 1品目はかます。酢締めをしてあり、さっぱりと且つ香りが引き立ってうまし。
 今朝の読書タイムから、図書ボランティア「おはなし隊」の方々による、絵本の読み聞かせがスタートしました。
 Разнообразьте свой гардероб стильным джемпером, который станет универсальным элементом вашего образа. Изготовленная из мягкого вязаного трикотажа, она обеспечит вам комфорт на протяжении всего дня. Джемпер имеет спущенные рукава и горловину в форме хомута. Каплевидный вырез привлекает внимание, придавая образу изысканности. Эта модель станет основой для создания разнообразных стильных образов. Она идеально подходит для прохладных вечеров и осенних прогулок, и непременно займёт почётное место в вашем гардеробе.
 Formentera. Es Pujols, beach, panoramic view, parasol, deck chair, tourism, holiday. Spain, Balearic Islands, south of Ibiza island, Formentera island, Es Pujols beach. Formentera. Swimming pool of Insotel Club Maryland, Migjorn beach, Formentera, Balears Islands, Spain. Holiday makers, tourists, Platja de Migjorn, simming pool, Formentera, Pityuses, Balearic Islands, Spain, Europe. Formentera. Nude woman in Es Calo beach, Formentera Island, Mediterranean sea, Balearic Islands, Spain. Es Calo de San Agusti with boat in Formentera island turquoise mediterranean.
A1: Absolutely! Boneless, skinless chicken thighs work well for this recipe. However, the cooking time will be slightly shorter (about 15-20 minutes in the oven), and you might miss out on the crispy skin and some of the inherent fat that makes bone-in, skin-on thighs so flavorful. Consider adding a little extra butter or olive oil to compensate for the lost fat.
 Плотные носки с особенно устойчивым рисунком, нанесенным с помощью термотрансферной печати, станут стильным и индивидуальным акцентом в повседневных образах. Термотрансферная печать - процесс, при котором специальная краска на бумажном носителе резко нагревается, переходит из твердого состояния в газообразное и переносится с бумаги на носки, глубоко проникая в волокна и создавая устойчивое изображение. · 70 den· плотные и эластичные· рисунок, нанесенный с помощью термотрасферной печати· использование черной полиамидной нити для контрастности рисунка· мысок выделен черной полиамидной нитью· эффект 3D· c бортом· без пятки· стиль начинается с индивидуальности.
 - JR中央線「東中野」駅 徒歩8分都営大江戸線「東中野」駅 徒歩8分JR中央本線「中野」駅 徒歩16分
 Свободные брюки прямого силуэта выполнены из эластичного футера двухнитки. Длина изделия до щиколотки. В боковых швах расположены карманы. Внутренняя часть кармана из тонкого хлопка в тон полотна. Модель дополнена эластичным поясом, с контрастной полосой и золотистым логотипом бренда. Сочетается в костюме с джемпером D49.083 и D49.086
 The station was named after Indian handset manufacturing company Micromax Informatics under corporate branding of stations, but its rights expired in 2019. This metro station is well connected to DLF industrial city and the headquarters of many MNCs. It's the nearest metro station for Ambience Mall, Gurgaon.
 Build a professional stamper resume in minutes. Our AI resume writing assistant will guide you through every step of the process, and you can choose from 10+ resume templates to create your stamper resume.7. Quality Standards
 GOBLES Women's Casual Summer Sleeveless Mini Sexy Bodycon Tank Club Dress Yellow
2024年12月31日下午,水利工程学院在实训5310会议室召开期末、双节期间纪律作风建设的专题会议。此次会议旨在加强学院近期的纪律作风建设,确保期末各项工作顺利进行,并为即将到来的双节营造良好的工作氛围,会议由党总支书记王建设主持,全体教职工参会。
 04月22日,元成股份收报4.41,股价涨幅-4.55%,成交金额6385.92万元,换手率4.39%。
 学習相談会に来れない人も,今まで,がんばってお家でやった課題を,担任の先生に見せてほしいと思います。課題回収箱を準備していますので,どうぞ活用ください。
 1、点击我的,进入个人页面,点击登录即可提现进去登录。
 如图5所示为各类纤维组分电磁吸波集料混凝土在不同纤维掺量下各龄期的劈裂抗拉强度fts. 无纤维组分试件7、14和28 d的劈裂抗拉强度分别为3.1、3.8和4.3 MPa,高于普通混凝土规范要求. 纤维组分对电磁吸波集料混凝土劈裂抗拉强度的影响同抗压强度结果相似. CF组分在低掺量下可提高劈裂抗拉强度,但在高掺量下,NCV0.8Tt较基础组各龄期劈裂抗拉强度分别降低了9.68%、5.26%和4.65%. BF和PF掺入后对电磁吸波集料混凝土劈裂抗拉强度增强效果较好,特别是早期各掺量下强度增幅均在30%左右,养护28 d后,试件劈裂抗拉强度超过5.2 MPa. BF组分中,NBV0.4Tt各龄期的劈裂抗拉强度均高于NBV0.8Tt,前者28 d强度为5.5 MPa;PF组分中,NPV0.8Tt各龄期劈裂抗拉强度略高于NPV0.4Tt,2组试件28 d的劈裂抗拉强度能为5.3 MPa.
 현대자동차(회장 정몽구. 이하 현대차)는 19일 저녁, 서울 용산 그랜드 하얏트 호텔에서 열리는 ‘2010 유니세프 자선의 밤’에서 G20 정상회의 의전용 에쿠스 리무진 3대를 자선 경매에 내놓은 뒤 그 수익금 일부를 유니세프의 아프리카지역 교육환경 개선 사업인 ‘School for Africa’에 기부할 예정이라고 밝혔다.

GOAL OF THE EXERCISE
Could you set down, exactly as written, the lines above between the one holding "Build a professional" and the one holding "MPa;PF组分中,NPV0.8Tt各龄期劈裂抗拉强度略高于NPV0.4Tt,2组试件28 d的劈裂抗拉强度能为5.3 MPa.", inclusive, and nothing more?

FINAL ANSWER
 Build a professional stamper resume in minutes. Our AI resume writing assistant will guide you through every step of the process, and you can choose from 10+ resume templates to create your stamper resume.7. Quality Standards
 GOBLES Women's Casual Summer Sleeveless Mini Sexy Bodycon Tank Club Dress Yellow
2024年12月31日下午,水利工程学院在实训5310会议室召开期末、双节期间纪律作风建设的专题会议。此次会议旨在加强学院近期的纪律作风建设,确保期末各项工作顺利进行,并为即将到来的双节营造良好的工作氛围,会议由党总支书记王建设主持,全体教职工参会。
 04月22日,元成股份收报4.41,股价涨幅-4.55%,成交金额6385.92万元,换手率4.39%。
 学習相談会に来れない人も,今まで,がんばってお家でやった課題を,担任の先生に見せてほしいと思います。課題回収箱を準備していますので,どうぞ活用ください。
 1、点击我的,进入个人页面,点击登录即可提现进去登录。
 如图5所示为各类纤维组分电磁吸波集料混凝土在不同纤维掺量下各龄期的劈裂抗拉强度fts. 无纤维组分试件7、14和28 d的劈裂抗拉强度分别为3.1、3.8和4.3 MPa,高于普通混凝土规范要求. 纤维组分对电磁吸波集料混凝土劈裂抗拉强度的影响同抗压强度结果相似. CF组分在低掺量下可提高劈裂抗拉强度,但在高掺量下,NCV0.8Tt较基础组各龄期劈裂抗拉强度分别降低了9.68%、5.26%和4.65%. BF和PF掺入后对电磁吸波集料混凝土劈裂抗拉强度增强效果较好,特别是早期各掺量下强度增幅均在30%左右,养护28 d后,试件劈裂抗拉强度超过5.2 MPa. BF组分中,NBV0.4Tt各龄期的劈裂抗拉强度均高于NBV0.8Tt,前者28 d强度为5.5 MPa;PF组分中,NPV0.8Tt各龄期劈裂抗拉强度略高于NPV0.4Tt,2组试件28 d的劈裂抗拉强度能为5.3 MPa.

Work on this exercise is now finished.